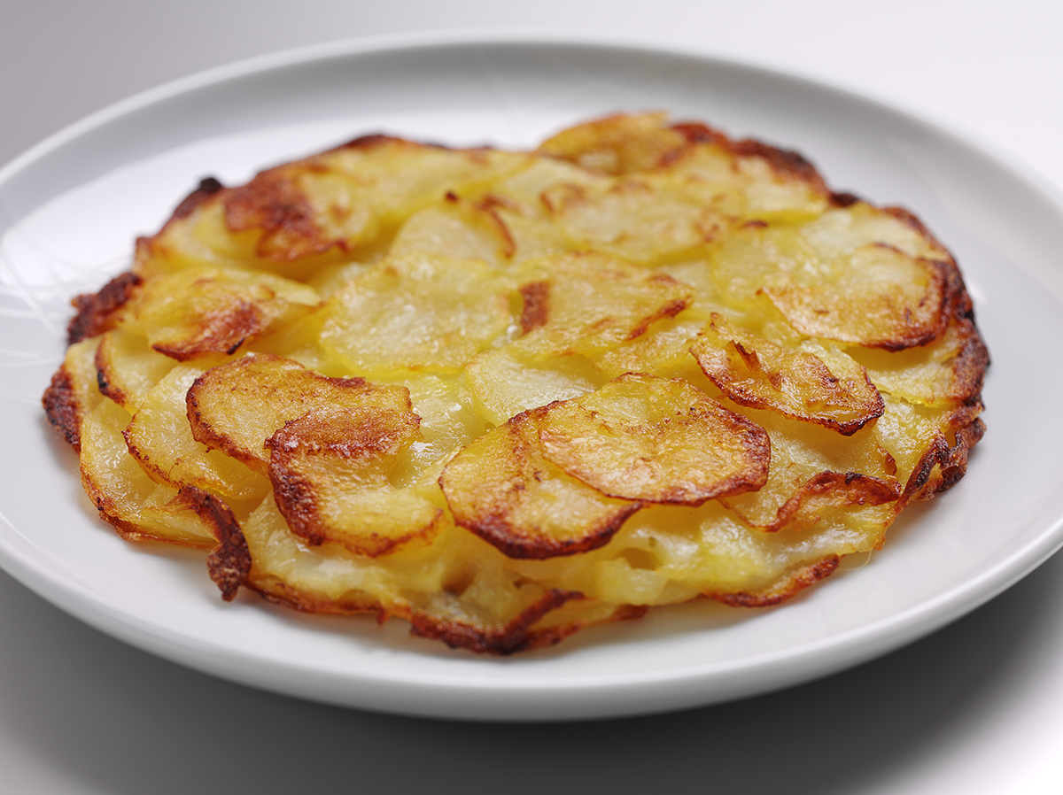 - Press down the potato slices 3 or 4 times during cooking to form a solid cake and reserve any excess butter.
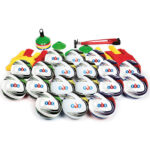 A complete kit includes match and training balls, bibs, cones, and accessories
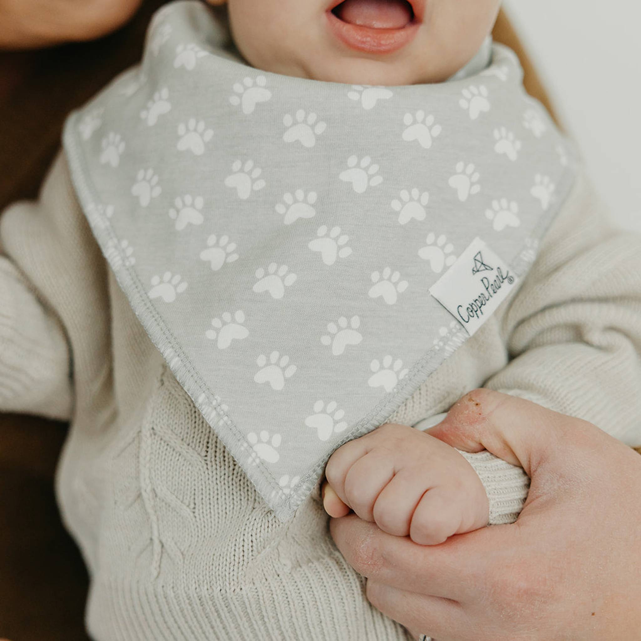 These stylish drool bibs are made of 100% absorbent cotton on the front and 100% polyester fleece on the back. The front of the baby bib is a stylish knit fabric and the back is a super soft fleece that keeps your baby completely dry even with the drooliest of babies. Great for teething babies! Adjustable nickel-free snaps for ages 3-36 months.
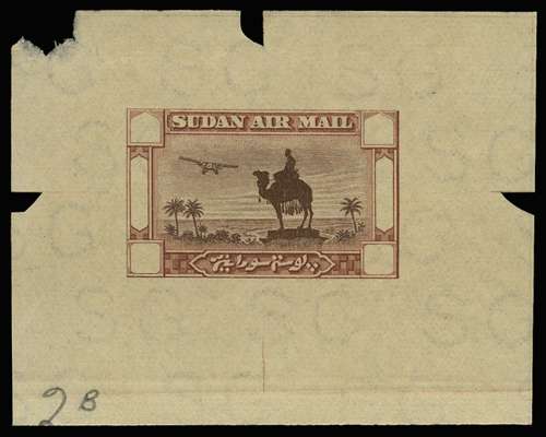 1931(-37) Air, master die proof (undenominated frame) in red-brown and red-brown on "SG" wmkd paper (64x50mm), numbered "2B" in pencil at lower left. Fractionally toned, still fine and rare.
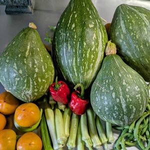 かぼちゃ(ロロン)収穫して撤収しました。 二株で15個になりました、 義姉妹にも美味しいと評判です、 すでに種も採ってあると報告受けました(笑)。 昨年のかぼちゃはうどんこ病に強いと(確かに) しかし水っぽい? 我が家に合いませんでした、でも20個収穫。 今年の甘柿は鈴なりですが小さいです、 お試し収穫でゴマも入りそこそこ甘いです。
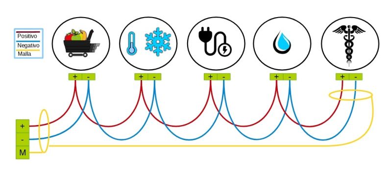 Deben estar conectadas entre sí utilizando el bornero del cuadro de kiconex o del kiBox como inicio o final de línea, nunca conectándose a las máquinas o equipos monitorizados, si la malla se conecta a una máquina la tensión que ésta pueda tener puede terminar siendo inducida en el bus de comunicación creando ruido y conflictos en él, incluido la rotura de uno o más puertos del kiBox.
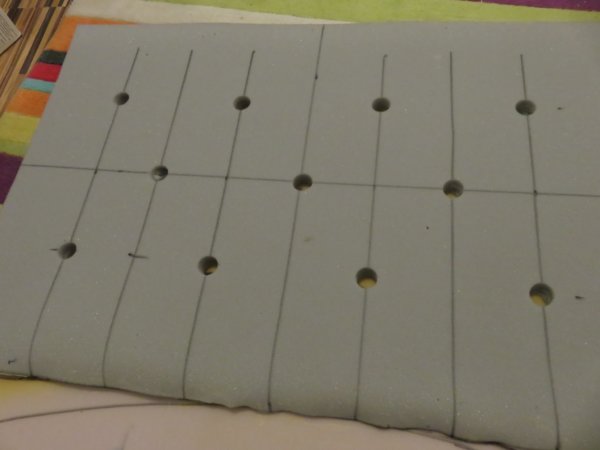 Felragasztottam, alul a szivacs oldalát lekerekítettem azzal, hogy ráfordítottam az alapra. Maradt a régi 1 cm szivacs, arra most rákerült a 3 cm + 2 cm vastag vlies is ment még rá. A lyukakat ott is elkészítettem.

● ● ● ●

Work required: In the listing above, find the line containing "A complete kit" and the line containing "Deben estar conectadas", then return both of them and every line between, exactly, without pictures.

Response:
 A complete kit includes match and training balls, bibs, cones, and accessories
 These stylish drool bibs are made of 100% absorbent cotton on the front and 100% polyester fleece on the back. The front of the baby bib is a stylish knit fabric and the back is a super soft fleece that keeps your baby completely dry even with the drooliest of babies. Great for teething babies! Adjustable nickel-free snaps for ages 3-36 months.
 1931(-37) Air, master die proof (undenominated frame) in red-brown and red-brown on "SG" wmkd paper (64x50mm), numbered "2B" in pencil at lower left. Fractionally toned, still fine and rare.
 かぼちゃ(ロロン)収穫して撤収しました。 二株で15個になりました、 義姉妹にも美味しいと評判です、 すでに種も採ってあると報告受けました(笑)。 昨年のかぼちゃはうどんこ病に強いと(確かに) しかし水っぽい? 我が家に合いませんでした、でも20個収穫。 今年の甘柿は鈴なりですが小さいです、 お試し収穫でゴマも入りそこそこ甘いです。
 Deben estar conectadas entre sí utilizando el bornero del cuadro de kiconex o del kiBox como inicio o final de línea, nunca conectándose a las máquinas o equipos monitorizados, si la malla se conecta a una máquina la tensión que ésta pueda tener puede terminar siendo inducida en el bus de comunicación creando ruido y conflictos en él, incluido la rotura de uno o más puertos del kiBox.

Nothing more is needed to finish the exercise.